====== Record set ======
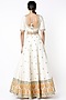 Featuring an ivory lehenga in raw silk base with applique and sequins embroidery. It is paired with a matching blouse and a cotton silk dupatta.
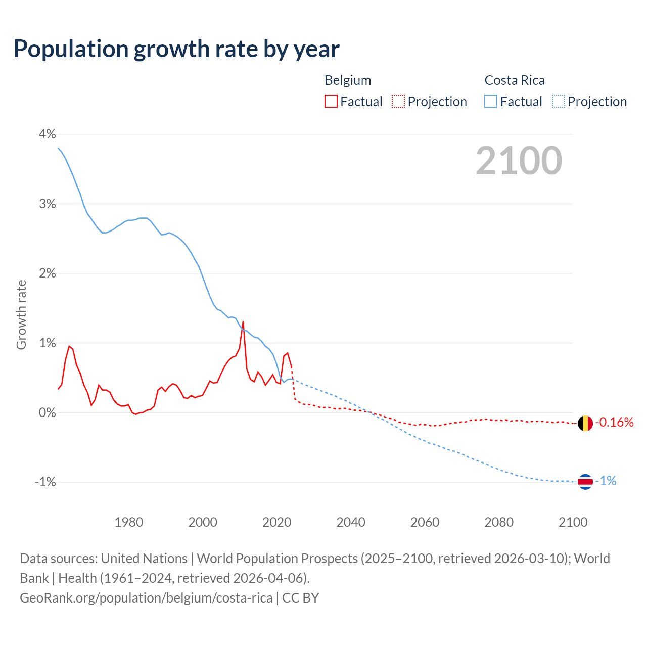 - For the last 10 years, Belgium has had an average growth rate of +0.55% per year vs +0.77% in Costa Rica.
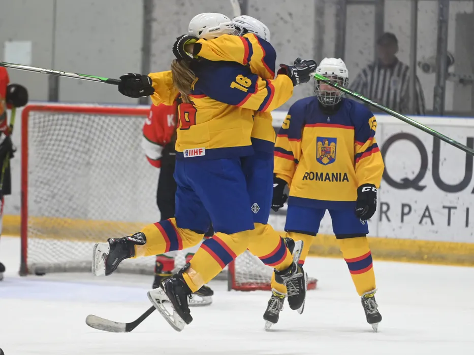 Maissa Simina se bucura dupa un gol marcat alaturi de Alina Oprea in meciul de hochei pe gheata dintre Romania si Bulgaria, din cadrul Campionatului Mondial Feminin, Divizia III, Grupa A, desfasurat pe Patinoarul Olimpic din Brasov, duminica 9 aprilie 2023. © FOTO:Razvan Pasarica/SPORT PICTURES
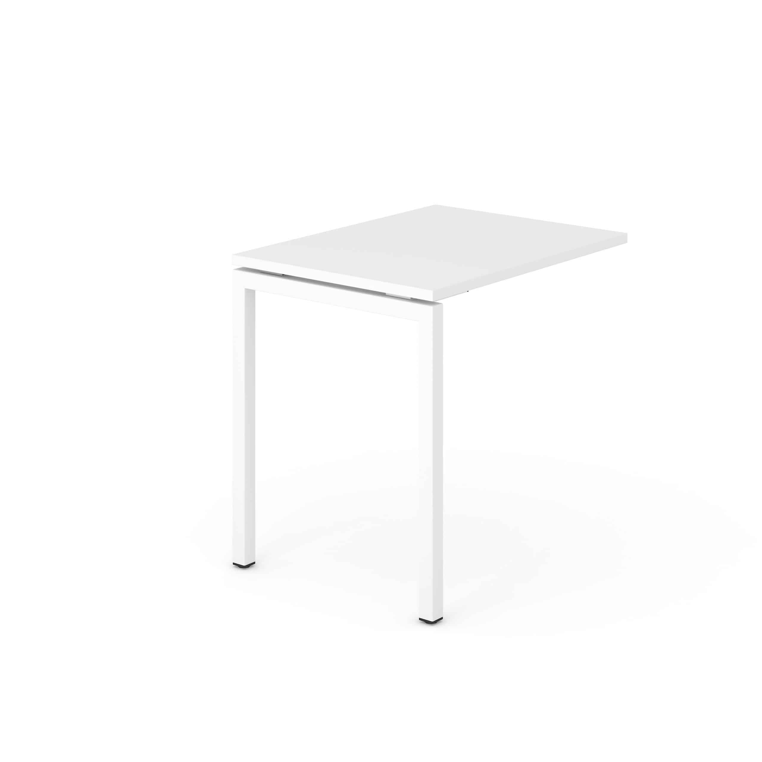 Le retour ANNAKA est idéal pour agrandir votre espace de travail. Il peut être placé à gauche ou à droite. Plateau épaisseur 25mm avec chants ABS de 2 mm. Espace de 10 mm entre le plateau et le piètement. Double poutre structurelle 40x20mm, avec plaques de métal soudées pour la fixation des pieds. Piètement métallique soudé 40X40mm revêtement à la poudre epoxy, verrins de réglages en plastique avec nivellement de 10mm.
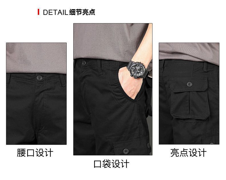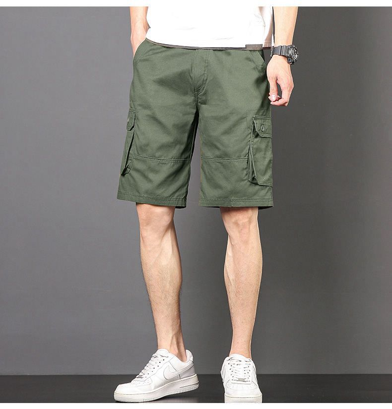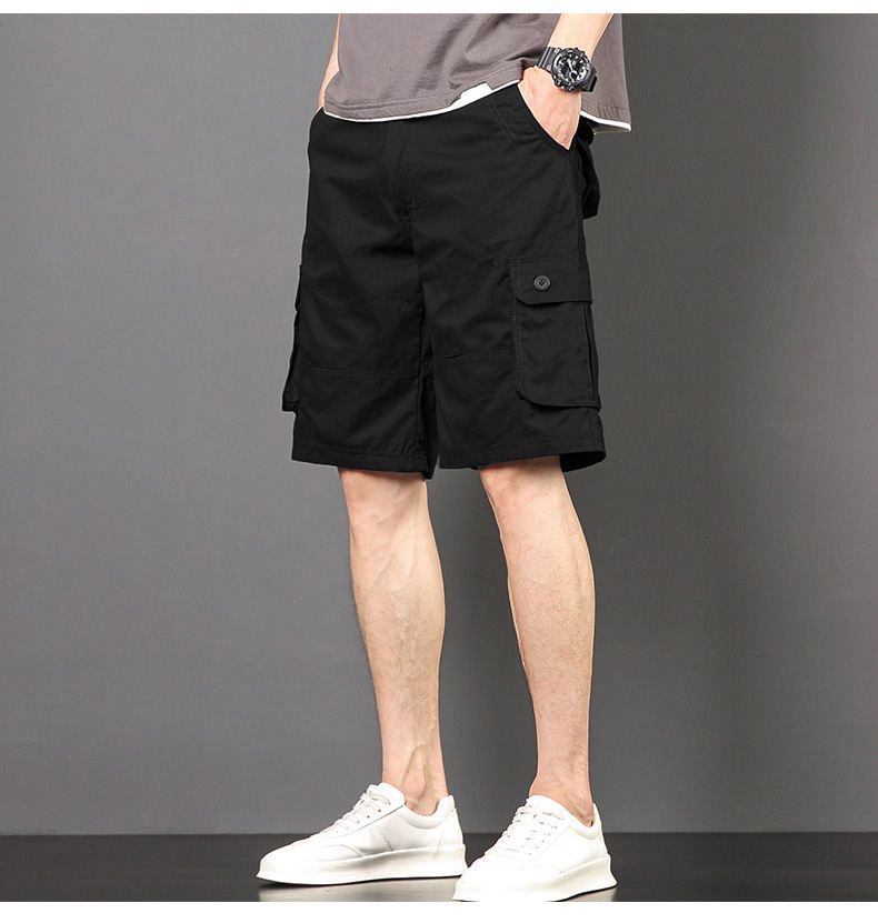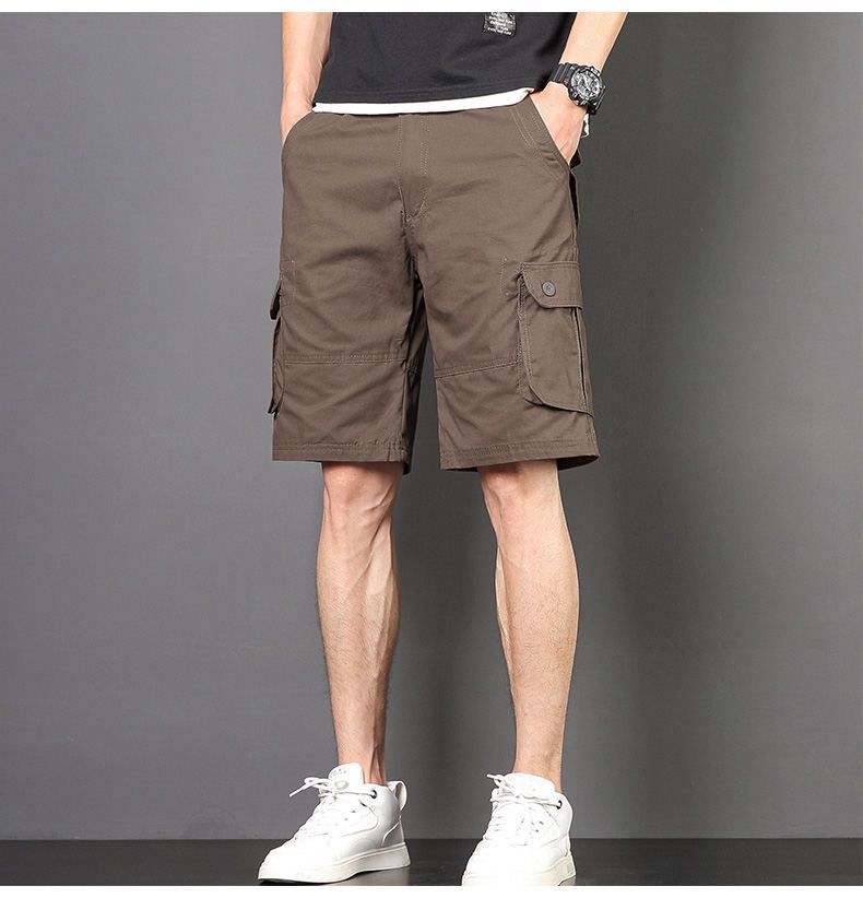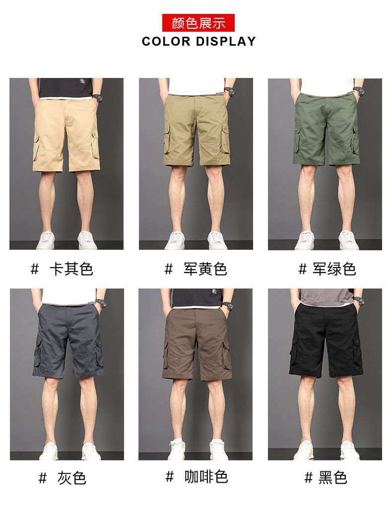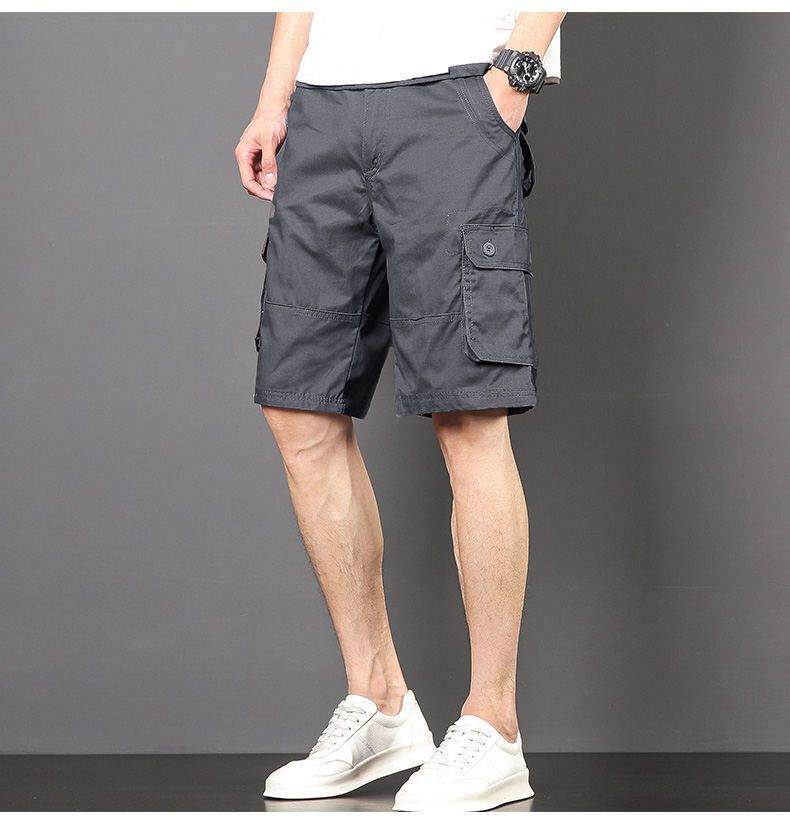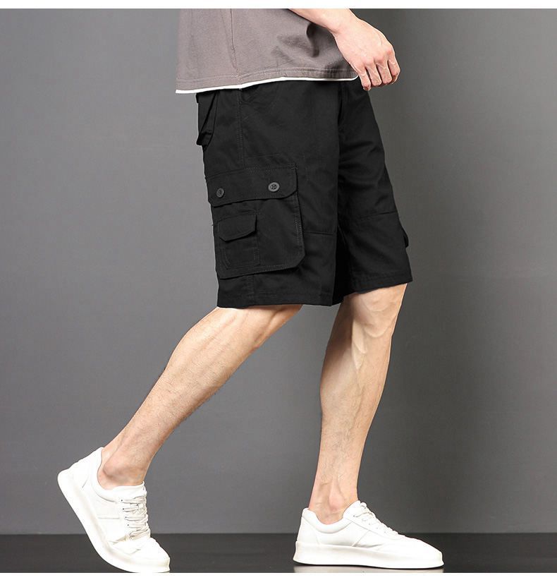 Plus tamaño pantalones medios pantalones cortos casuales de verano multi-bolsillo de los hombres sueltos rectos pantalones cortos de algodón lavado
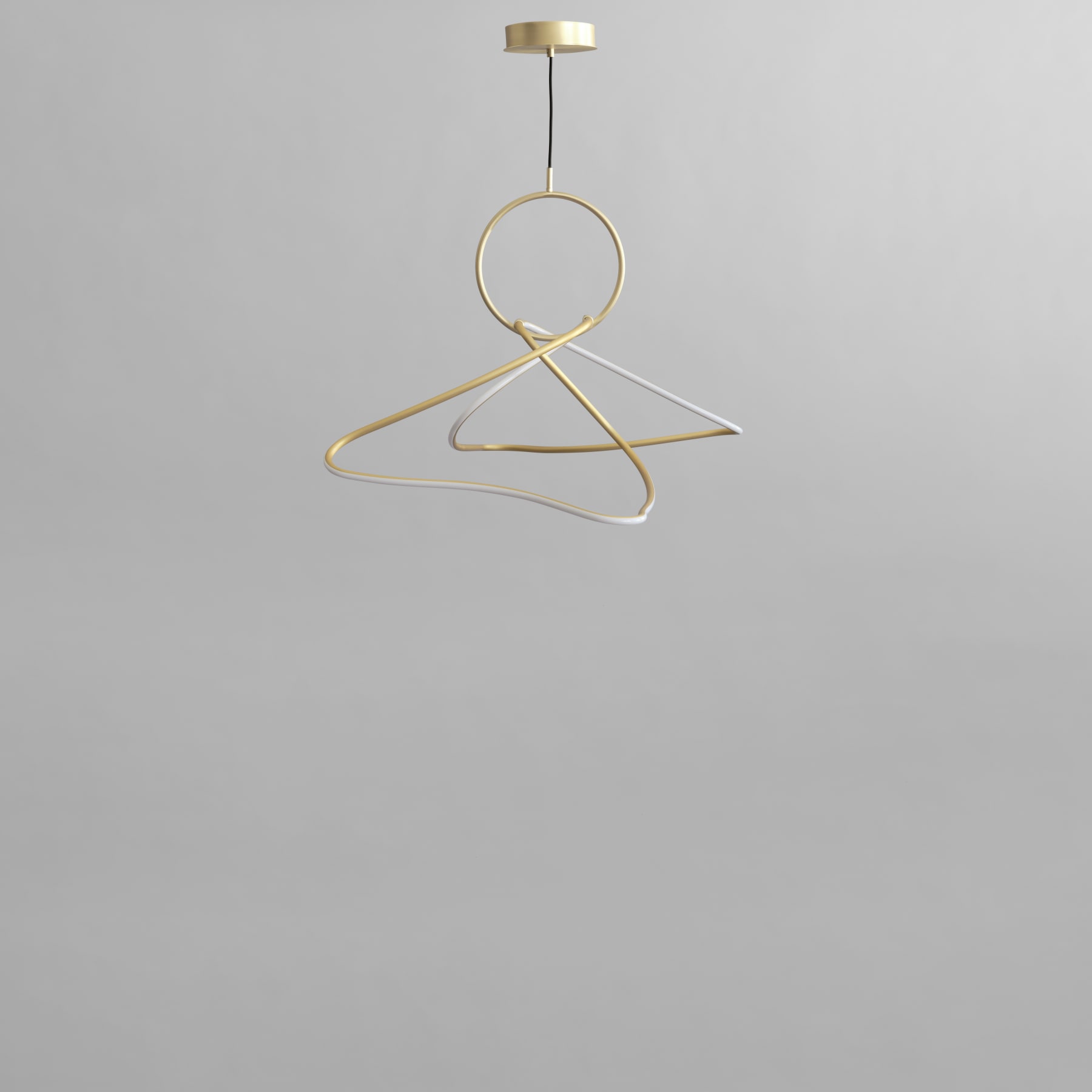 Kumo, meaning clouds in Japanese, is all about organic shapes unfolding above you. Created from brass plated metal pipes with fitted acrylic tubes, the light diffuses a warm ambience through the space. Bended in various sharp angles, Kumo pushes the boundaries of lighting design with its bold organic shape, becoming the lamps signature. Caried in a brass circle like a piece of jewellery, the lamp emphasises a certain lightness and ease.Available in two sizes, the Kumo Chandelier incorporates an inbuilt LED light. This series highlights the luminous white acrylic tube that encases a durable LED light source, boasting an impressive 25,000 hours of illumination at a warm Kelvin 2400. Shifting away from the starkness typically associated with neon, these innovative lamps exude a warmer, more inviting glow, setting the ambiance for a cozy and comforting atmosphere. The handcrafted design of the Kumo Chandelier ensures that light distribution uniquely cascades along its curvaceous tubes. resulting in it to shine brighter in some part of its curved tube. Suspended by one fabric cable, the chandelier can be set to the perfect height for any room.Designed by Kristian Sofus Hansen & Tommy Hyldahl.View assemply guide here.
======
# Task to complete:
Repeat the listing above exactly from its first line to the line containing "- For the last", both included, and omit the pictures.

# Solution to the problem:
 Featuring an ivory lehenga in raw silk base with applique and sequins embroidery. It is paired with a matching blouse and a cotton silk dupatta.
 - For the last 10 years, Belgium has had an average growth rate of +0.55% per year vs +0.77% in Costa Rica.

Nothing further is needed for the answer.